Does your code adhere to project-specific code style and conventions?

PR review

Reviewer checklist

Is this pull request ready for review? (if not, please submit in draft mode)
Check that all items from Before submitting are resolved
Make sure the title is self-explanatory and the description concisely explains the PR
Add labels and milestones (and optionally projects) to the PR so it can be classified
Confirm that the changes adhere to compatibility requirements (e.g., Python version, platform)
Review the self-review checklist to ensure the code is ready for review

This tests five different functions in SpeechBrain that do essentially the same thing.

TParcollet · 2025-05-08T10:04:11Z

I think we have discussed this merge with @Adel-Moumen and @pplantinga and we agree, they should be merged. I also think that the ones found here are the most used ones.

TParcollet

Thanks Rogier. I honestly don't have much to say, it looks good to me and I don't think it will impact existing models. I'd like a second opinion from @Adel-Moumen however.

TParcollet · 2025-05-08T19:10:47Z



-def make_padding_mask(x, lengths=None, length_dim=1, eps=1e-8):
+def make_padding_mask(x, lengths=None, length_dim=1, eps=1e-5):


What is the reason for going from 1e-8 to 1e-5?

1e-8 is less than 1 unit in the last place in float32. I chose 1e-5 without much thinking.

>>> torch.tensor(1., dtype=torch.float32) - 1e-8 - 1 tensor(0.) >>> torch.tensor(1., dtype=torch.float32) - 1e-7 - 1 tensor(-1.1921e-07) >>> torch.tensor(1., dtype=torch.float32) - 1e-6 - 1 tensor(-1.0133e-06) >>> torch.tensor(1., dtype=torch.float32) - 1e-5 - 1 tensor(-1.0014e-05)

Should I make it 1e-7 instead you think?

What is the risk here if eps is too large? Could there be an error if a tensor had a length of 1e5?

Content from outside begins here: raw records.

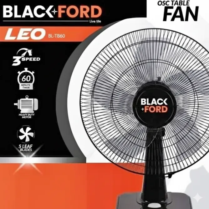 Stay cool and comfortable with the Black Ford Table Fan BL-TB60 — a reliable and stylish cooling solution perfect for your home, office, or shop. Designed with a powerful motor and efficient blades, this table fan delivers strong, consistent airflow to keep your space refreshed even on the hottest days.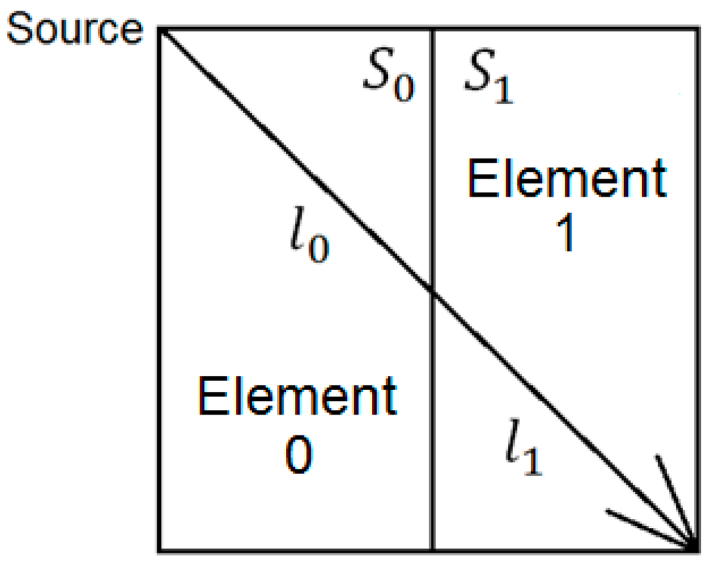 in which l represents the ray path of the ray in element “0”. For occasions where there is more than one ray passing through that element, Equation (14) has to be modified to address the change of attenuation coefficient at element number j as below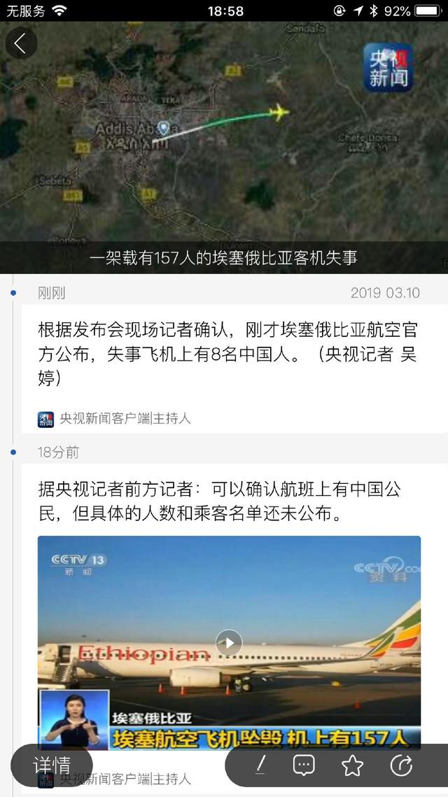 载有149名乘客与8名机组人员的埃塞俄比亚航空ET302号航班当地时间10日早晨从亚的斯亚贝巴飞往内罗毕途中坠毁。埃航新闻发言人称,飞机乘客来自33个国家,事故中没有生还者。据央视新闻报道,遇难者中有8中国籍乘客。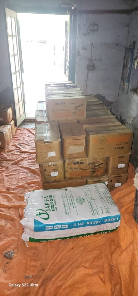 पाकुड़(PAKUD):पाकुड़ में वरीय पुलिस अधिकारी को मिली गुप्त सुचना पर पाकुड़ पुलिस ने बड़ी कार्रवाई किया है…पुलिस ने टीम गठित कर छापेमारी कर भारी मात्रा में विस्फोटक का जखीरा जब्त किया है…पुलिस ने यह कार्रवाई जिले के पाकुड़िया थाना क्षेत्र के डोमनगाड़िया स्थित एक घर में किया है…एसडीपीओ विजय कुमार ने बताया की पाकुड़िया थाना क्षेत्र स्थित एक घर से यह विस्फोटक बरामद किया गया है…सभी विस्फोटक पेटी में है…बताया जा रहा दर्जनों काटून पेटी में विस्फोटक का जखीरा है…साथ ही पुलिस ने एक व्यक्ति को गिरफ्तार है…गिरफ्तार व्यक्ति का नाम शमशुल हसन बताया जाता है…पुलिस फिलहाल जाँच में जुटी है…छापेमारी कर भारी मात्रा में विस्फोटक सामग्री में जिलेटिन, डेटोनेटर,इत्यादि बरामद किया है…छापेमारी के दौरान पुलिस ने एक व्यक्ति को गिरफ्तार कर पूछताछ कर रही है…अमूमन इस इलाके में इस तरह के विस्फोटक पत्थर खदान में पत्थर उतखान्न के लिए किया जाता है…फिलहाल पुलिस पुरे मामले की जाँच में जुटी है…

BTW at a sampling rate of 16000 thats about 6 seconds of audio, so we do actually have cases where tensors are that long. But I doubt that it ever matters if we drop the last sample

pplantinga

Everything LGTM. Thanks for this nice contribution beginning to harmonize the implementations.

pplantinga · 2025-05-19T13:11:48Z



-def make_padding_mask(x, lengths=None, length_dim=1, eps=1e-8):
+def make_padding_mask(x, lengths=None, length_dim=1, eps=1e-5):


What is the risk here if eps is too large? Could there be an error if a tensor had a length of 1e5?

BTW at a sampling rate of 16000 thats about 6 seconds of audio, so we do actually have cases where tensors are that long. But I doubt that it ever matters if we drop the last sample

pplantinga · 2025-05-19T13:16:28Z

    # Convert relative lengths to absolute lengths, then compute boolean mask
    max_len = x.size(length_dim)
-    abs_lengths = (lengths * max_len + eps).unsqueeze(1)
+    abs_lengths = (lengths * max_len - eps).unsqueeze(1)


Good catch here, I assume this is the cause of the failing tests?

rogiervd · 2025-05-19T15:58:58Z

What is the risk here if eps is too large? Could there be an error if a tensor had a length of 1e5?

BTW at a sampling rate of 16000 thats about 6 seconds of audio, so we do actually have cases where tensors are that long. But I doubt that it ever matters if we drop the last sample

The test fails at 4e-7 but succeeds at 5e-7 so I'll make it 1e-6, which gives a better safety margin.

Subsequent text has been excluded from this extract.